Our findings predict that BTG2 would be involved in the regulation of gluconeogenic genes for hepatic glucose production in liver. To test this hypothesis, we examined the effect of ectopic expression of BTG2 on the transcription of hepatic gluconeogenic genes using an Ad vector to drive expression of Btg2 (Ad-Btg2). Indeed, the expressions of Nur77, Pck1, and G6pc were significantly increased by administration of Ad-Btg2 in the liver (Fig. 2A). However, expression of other transcription factors related to gluconeogenesis like GR and Hnf-4α was not affected (Fig. 2A). Moreover, consistent with the expression of gluconeogenic genes, blood glucose level was significantly increased by Ad-Btg2 (Fig. 2B). To evaluate whether ectopic expression of BTG2 also affects glucose homeostasis and insulin sensitivity, glucose and insulin tolerance tests were performed in the Ad-Btg2–infected mice. As predicted, there was significant impairment in glucose tolerance in mice infected with Ad-Btg2 (Fig. 2C). The insulin tolerance test also showed a marked decrease in insulin sensitivity (Fig. 2D). Taken together, these results indicate that BTG2 plays a key role in hepatic glucose production and directly influences whole-body glucose metabolism.

Figure 2

Overexpression of BTG2 resulted in an increase in hepatic gluconeogenesis. A: qPCR of gluconeogenic gene expression.
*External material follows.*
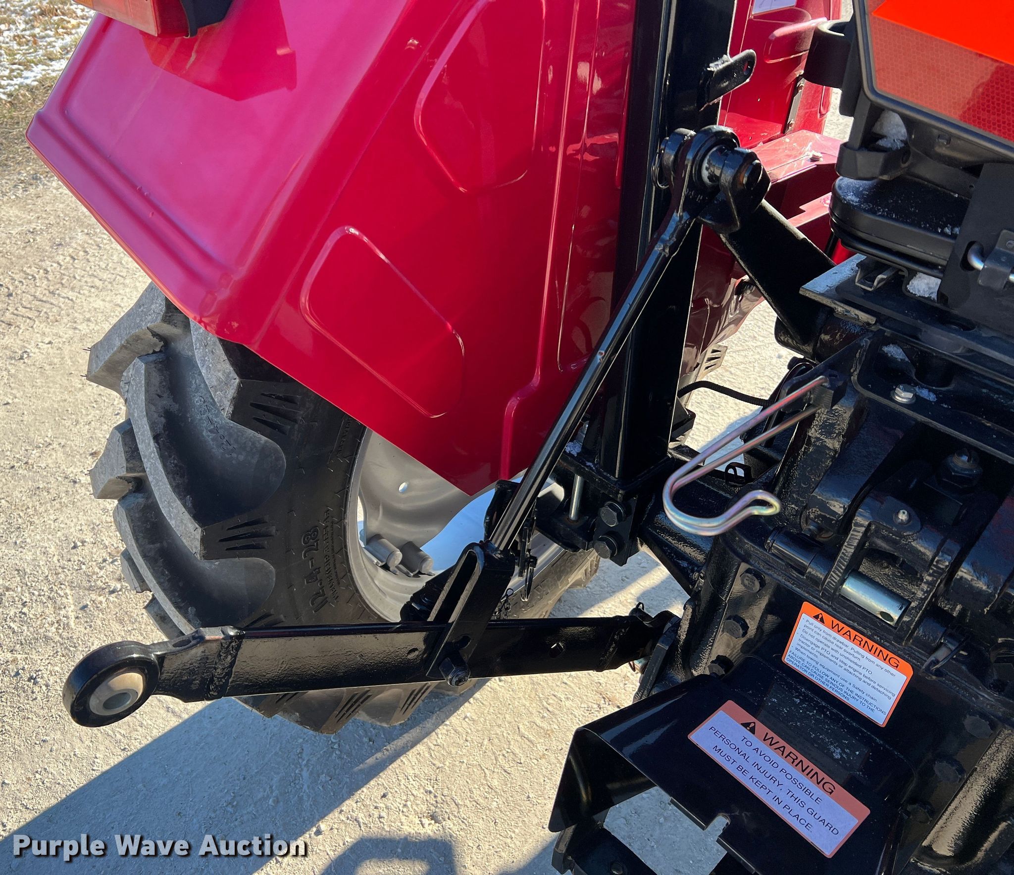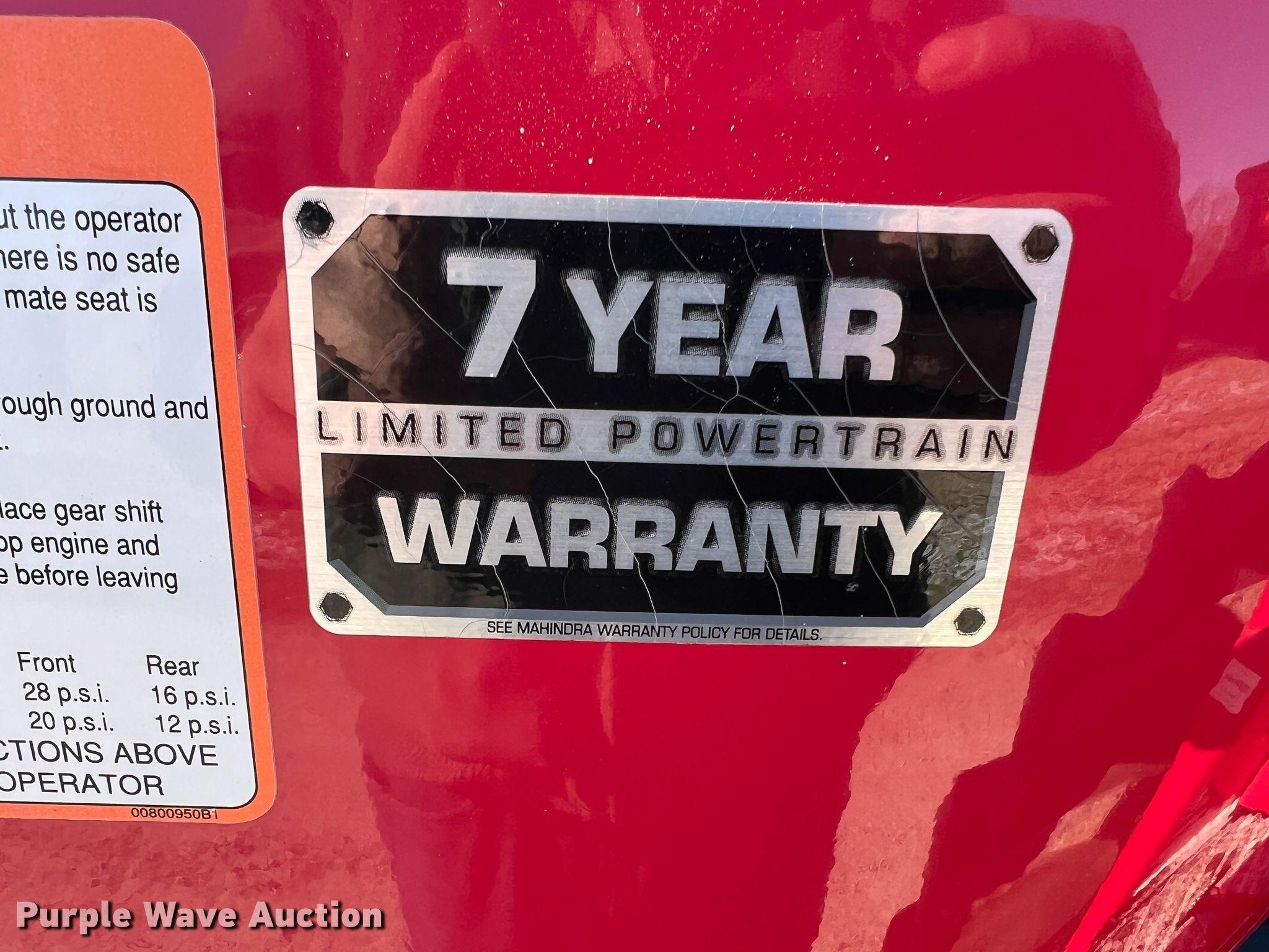 Mahindra 4540 tractor. Hours: 3 on meter, Serial: MBCNY3890. Engine Mahindra UT-41, Displacement: 2.7L, Cylinders: 4, Fuel type: Diesel, kW: 29. Transmission Manual, 8F - 2R. Features PTO: 540, Three point. Tires Front: 6.00-16, Rear: 12.4-28. Gome's Repair. 5908 MO-133. Meta, MO 65058

B: Blood glucose levels from Ad-GFP– and Ad-Btg2–infected mice for 7 days (n = 4–6). C and D: Glucose and insulin tolerance tests from mice infected with Ad-Btg2 at day 4 intravenously. *P < 0.05; **P < 0.01 vs. Ad-GFP. AUC, area under the curve.

Figure 2

Overexpression of BTG2 resulted in an increase in hepatic gluconeogenesis. A: qPCR of gluconeogenic gene expression. B: Blood glucose levels from Ad-GFP– and Ad-Btg2–infected mice for 7 days (n = 4–6). C and D: Glucose and insulin tolerance tests from mice infected with Ad-Btg2 at day 4 intravenously. *P < 0.05; **P < 0.01 vs. Ad-GFP. AUC, area under the curve.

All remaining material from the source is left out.